Instead, the law increases the Standard Deduction to P5 million, which previously only amounted to P1 million. Only available to citizens (resident or nonresident) and resident aliens, TRAIN law now provides that nonresident aliens can avail themselves of a standard deduction, although only up to P500,000.

Another  TRAIN law significant change from the old tax rule is that now, family homes that are worth up to P10 million will be exempted from estate tax. Previously, only family homes worth P1 million are exempted.

III. Amendments on the Procedure for Estate Tax Settlement

A. Repeal of Filing of Notice of Death provision

Section 24 of the TRAIN law repeals Section 89 of the Tax Code.

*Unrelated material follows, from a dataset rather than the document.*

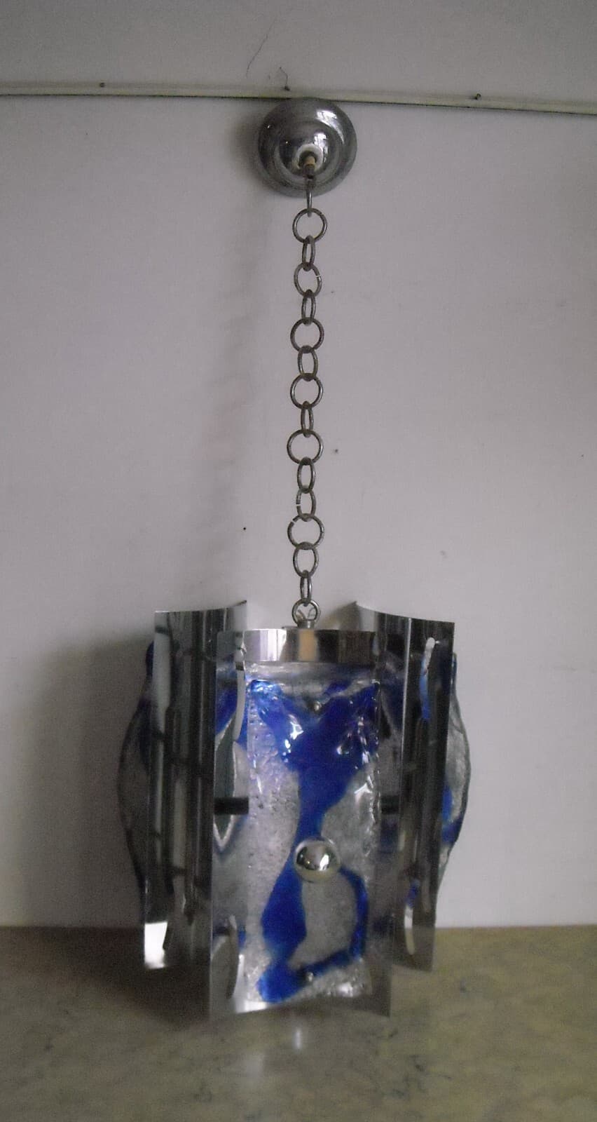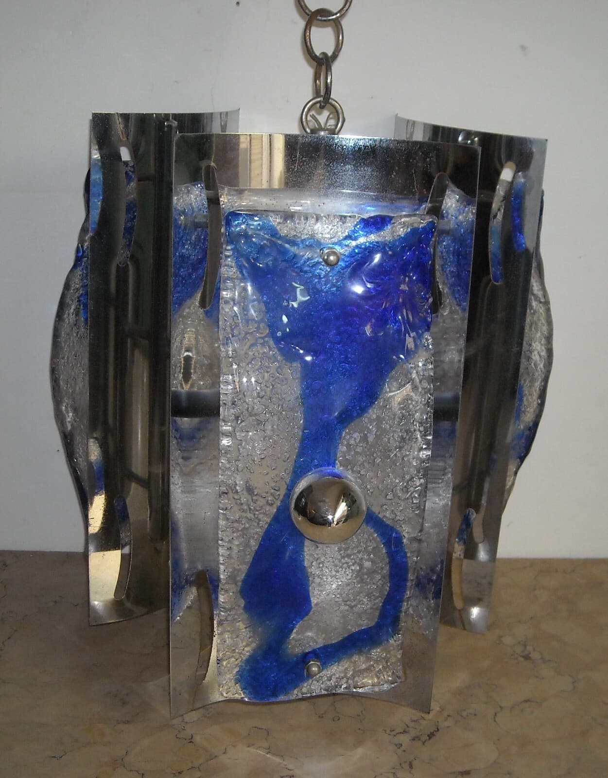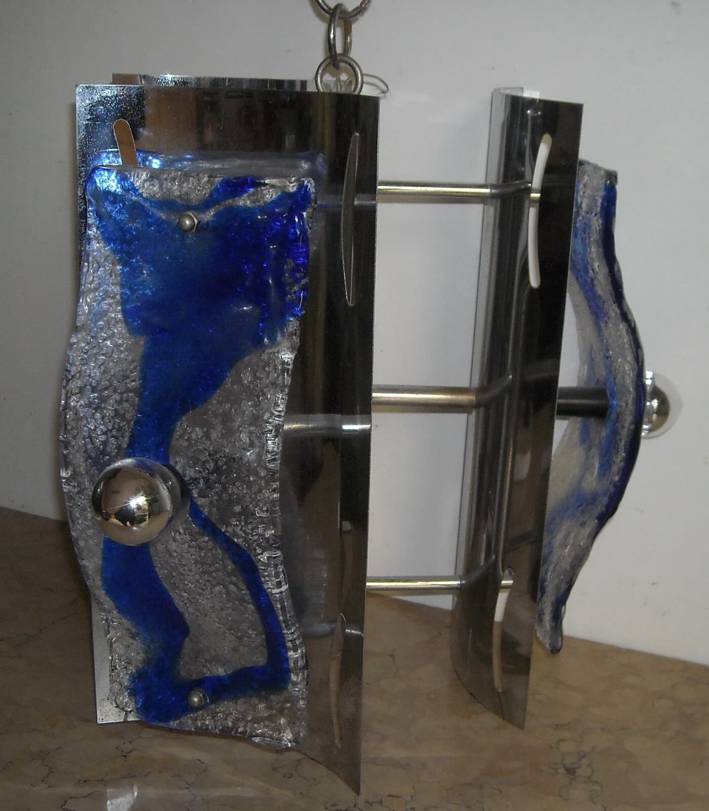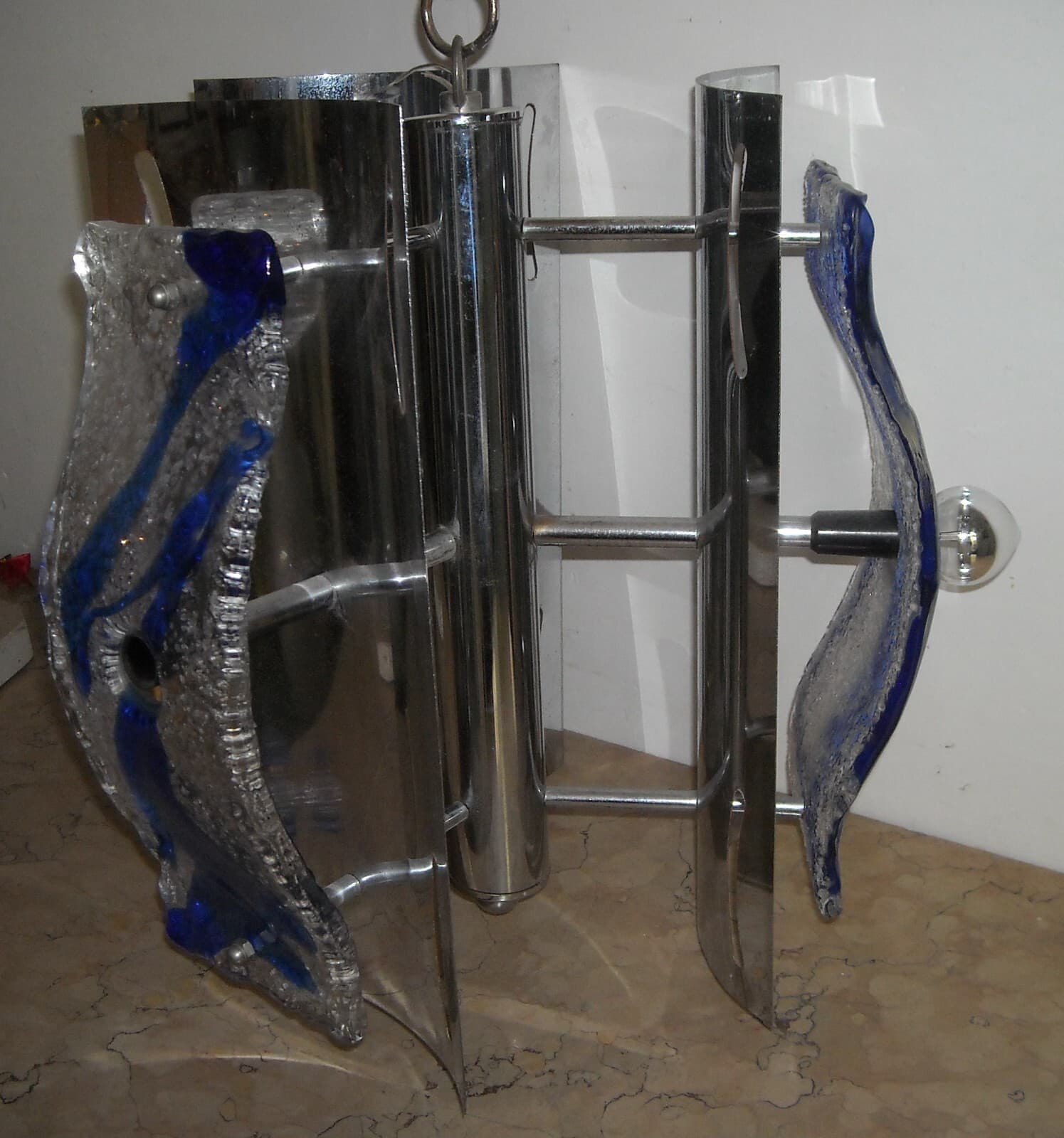 Lampadario Di Design In Vetro Di Murano E Metallo Cromato, Anni '60 '70

The repealed provision provides for when a notice of death should be filed and the period to file the same.

B. Amendment on Filing of Estate Tax Return

Section 25 of the TRAIN law amends Section 90 of the Tax Code, which provides for the procedural requirements for the estate-tax return.

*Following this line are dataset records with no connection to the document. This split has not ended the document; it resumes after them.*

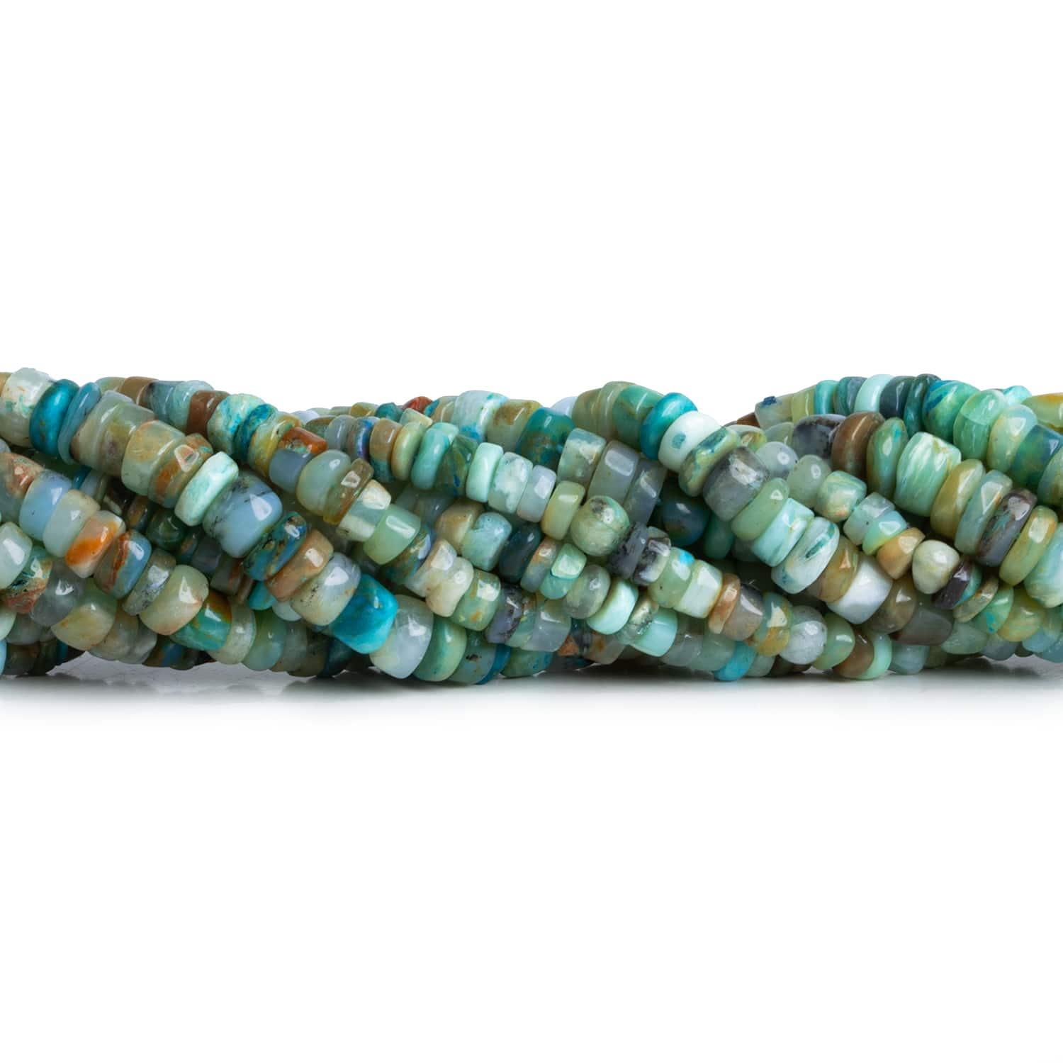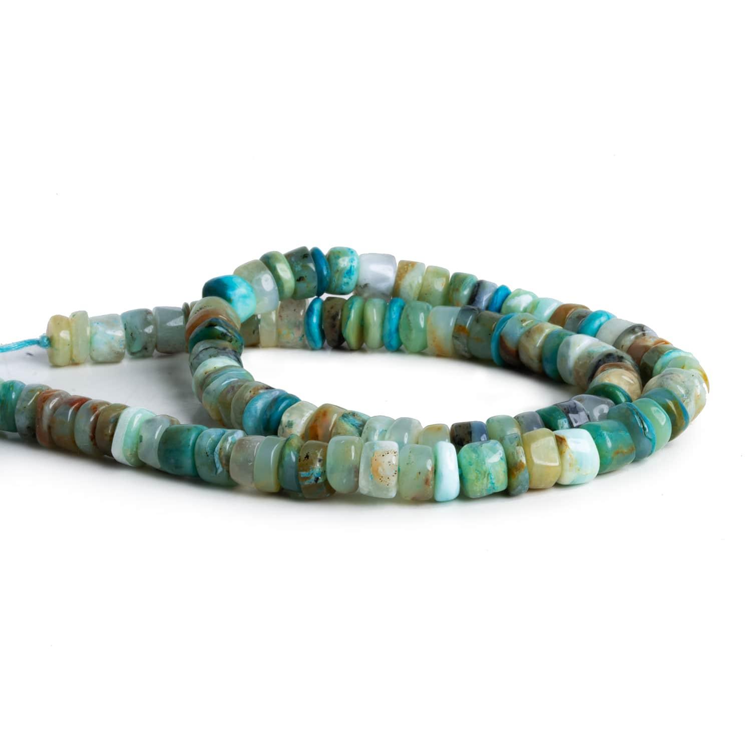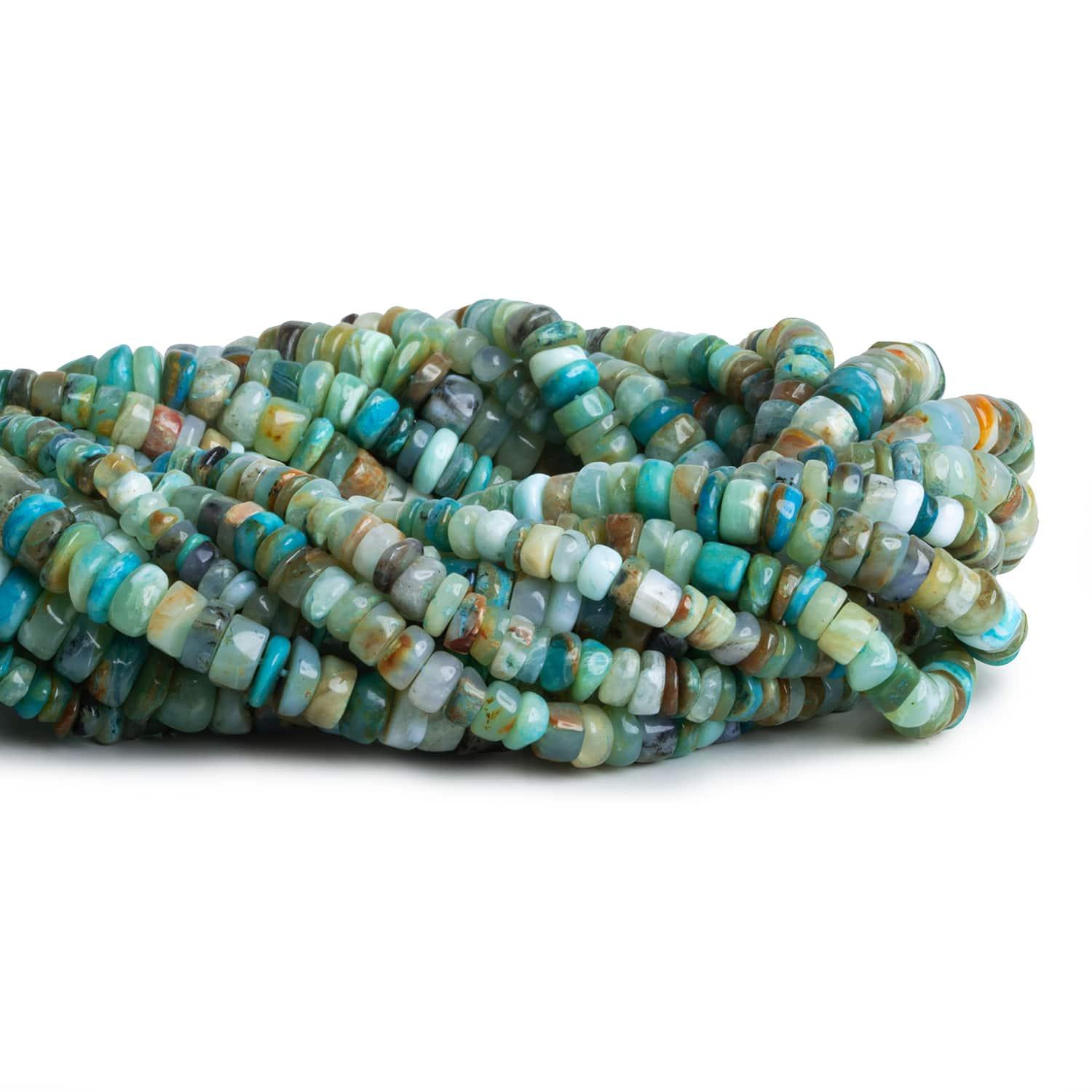 Beads range from about 5mm to 8mm in diameter. These curated strands feature a vibrant color palette of blues, greens, and earthy tones with a tire-like rondelle shape. Expect beads to vary in size and thickness significantly on and between strands. Fans of Blue Peruvian Opal should jump on these plain rondelles for their alluring appearance.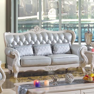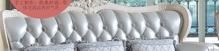 金亿宝简约欧式风格实木雕花皮艺沙发客厅真皮沙发组合818A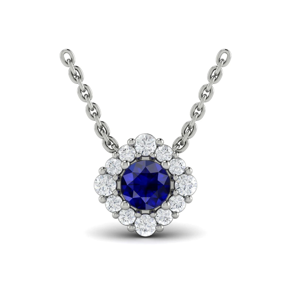 You're reviewing: Diamond Halo and Round Sapphire Center Pendant White Gold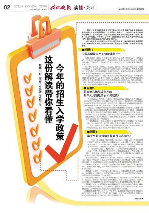 桂林2024年“小升初”方案公布 这份解读带你看懂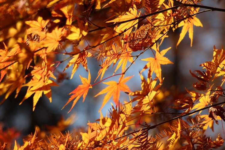 据悉,不同的树种变色时间有早晚。在上海,银杏、无患子相对早一些,娜塔栎稍晚,但没有大风等不利天气的话,可以维持红叶效果至12月末叶变成枯黄色,部分叶片至次年2月落叶。

The TRAIN law requires that estate-tax returns showing a gross value exceeding P5 million must be certified by a certified public accountant. This is P3 million higher than the old tax rule, which only required CPA certifications for estate-tax returns that exceed a gross value of P2 million. The TRAIN law has also increased the period for filing of estate-tax returns from six months from the decedent’s death to one year.

C. Amendment of Payment of Estate Tax by Installment

Section 26 of the TRAIN law amends Section 91(c) of the Tax Code, which provides for the payment of estate tax by installment.

Under the TRAIN law, payment by installment has been particularly simplified. However, the law has provided for an implied limitation of two years for the payment of the full estate-tax liability, which was previously not contained in the old tax rule.

IV. Amendment on Withdrawals from Deceased’s Bank Account

Section 27 of TRAIN Law amends Section 97 of the Tax Code, which concerns allowable withdrawals from the deceased person’s account.

Under the old Tax Rule, only withdrawals up to P20,000 are allowed. The administrator of the estate or any one of the heirs may, when authorized by the commissioner, withdraw an amount not exceeding P20,000. However, the Train Law has increased allowable withdrawals from the deceased person’s account to any amount, subject to a 6-percent final withholding tax.

The amendments on estate taxes were enacted with the end in view of enticing the heirs to declare the real value of their deceased kin’s estate and to pay the proper estate tax.  Filing requirements have also been made simpler and filer-friendly. It remains to be seen whether collection of estate taxes will improve.

But, as the saying goes, “You can bring the horse to the water, but you cannot force the horse to drink!”